Here we have presented gene-level frequencies and intolerance scores for CNVs from nearly 60,000 individuals, providing a data-driven means for estimating the likely deleteriousness of genic CNV. Consistent with their relevance to gene function, the current estimates of CNV intolerance show non-random profiles with respect to tissue-specific gene expression patterns, to independent measures of genic constraint, and to risk of disease. We provide summaries of these data at the gene and exon level and detailed QC metrics online.

Limitations of this work include the relative difficulty in ascertaining accurate copy number calls from targeted (exome) short-read sequencing and the inability to accurately call common or more complex variants, along with the rarity of these events that increases the noise around point estimates of frequency and corresponding intolerance scores. In generating intolerance scores, we attempted to control for gene-to-gene variability in observed CNV rates resulting from factors other than evolutionary selection on the phenotypic consequences of bearing a CNV in that gene, for example, gene size and sequencing coverage. Yet, though we attempted to model the increased rates of CNV proximal to segmental duplications, our incomplete knowledge of CNV mutational mechanisms can add noise and bias to these estimates of intolerance, in particular in regions of known recurrence.

It is also important to note that many ExAC sample participants were ascertained on disease status. Inasmuch as a minority of genes had significantly higher rates of CNVs because of this, then these genes will have slightly deflated intolerance estimates compared to those derived from a phenotypically-screened control sample.

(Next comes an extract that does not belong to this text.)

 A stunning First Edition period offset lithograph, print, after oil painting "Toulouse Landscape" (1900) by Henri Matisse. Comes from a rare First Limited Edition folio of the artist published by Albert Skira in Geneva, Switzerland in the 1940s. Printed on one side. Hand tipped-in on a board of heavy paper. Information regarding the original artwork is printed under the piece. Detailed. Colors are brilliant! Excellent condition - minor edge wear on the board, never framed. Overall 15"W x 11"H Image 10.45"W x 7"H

Despite these limitations, the analyses presented here point to the value of more comprehensive assessments of genetic variation. Whether or not a gene tolerates deletion or duplication is most directly estimated by considering the empirical patterns of genic CNV rates in large samples, as performed here. Combination with other measures of genic constraint, including those based on SNVs and evolutionary analyses, is likely to yield better and more general metrics for assessing the likely impact of any type of genic variant, leading to improved interpretation of personal genomes and disease association studies.

Online Methods

CNV calling in exome-sequencing data of 60,642 individuals

XHMM was run as previously described17. Briefly, GATK DepthOfCoverage was employed to calculate mean per-base coverage (counting unique fragments based on reads mapping with a quality >20), across 219,437 targets (including 7,439 and 708 on chromosomes X and Y, respectively, and 9 on the mitochondrial genome). To accommodate the variety of exome captures used across the various component projects, these targets were liberally defined as the Illumina ICE v1 targets plus GENCODE v19 coding regions, both padded by 2 bp, from which the unique set of relevant “exome targets” was finalized. A total of 31,769 of these targets were subsequently filtered out before CNV calling: 21,072 for having mean sequencing depth (across all samples) <10×, 8,875 for having low complexity sequence (as defined by RepeatMasker) in >25% of its span, 225 for having GC content <10% or >90%, 1,582 for covering <10 bp, and 15 targets spanning >10 kbp. The resulting sample-by-target read depth matrix was scaled by mean-centering the targets, after which principal component analysis (PCA) of the full matrix was performed; note that with the LAPACK implementation in XHMM, this still required 800 GB of RAM and ~1 month of computation time. For data normalization, the top 388 principal components (those with variance >70% of the mean variance across all components) were removed from the data to account for systematic biases at the target- or sample-level, such as GC content or sequencing batch effects. Subsequently, 3 targets were removed for still having high variance after normalization (standard deviation >50), and sample-level z-scores were calculated (with absolute values capped at 40). CNV were called using the Viterbi hidden Markov model (HMM) algorithm with default XHMM parameters, and XHMM CNV quality scores were calculated as previously described using the forward-backward HMM algorithm and modifications as previously described. In addition, all called CNV were statistically genotyped across all samples using the same XHMM quality scores and output as a single uniformly-called VCF file.

QC of CNV data

In total, we attempted CNV calling for 60,642 out of the 60,706 (99.9%) ExAC samples, the remainder having either failed calling for low overall read depth or were not included due to upstream data access issues. The CNVs output by XHMM were first frequency filtered to remove common CNVs, i.e., those seen more than 600 times (>1%), defined as overlapping more than 50% of their respective targets. Based on previous work17, we retained only those CNVs with quality scores greater than or equal to 60. We removed any individual having a CNV count greater than 3 standard deviations above the mean, that is, 24 CNVs (n=775 samples removed). Thus, our final dataset consisted of 59,898 individuals and 126,771 CNVs overlapping GENCODE autosomal protein-coding genes.

Filtering of genes

Of the 20,345 GENCODE v19 genes labeled as protein-coding, we limited our analyses to the set of 19,430 genes occurring on autosomes, where CNVs on sex chromosomes were removed due to technical issues. Next, we removed any gene where half or more of its targets were filtered out during the CNV calling (1,068 genes, see above). We further removed genes having unusually low (<30×) or high (>200×) mean coverage (944 genes). Using data from a recent report on CNV from whole genome sequencing data of 849 genomes sequenced from the 1000 Genomes Project34, we removed any gene known to be multi-allelic (735 genes). Finally, we removed any gene in which there existed any CNV with frequency greater than 0.5% (1,193 genes). This yielded a final set of 15,734 genes for all subsequent genic analyses.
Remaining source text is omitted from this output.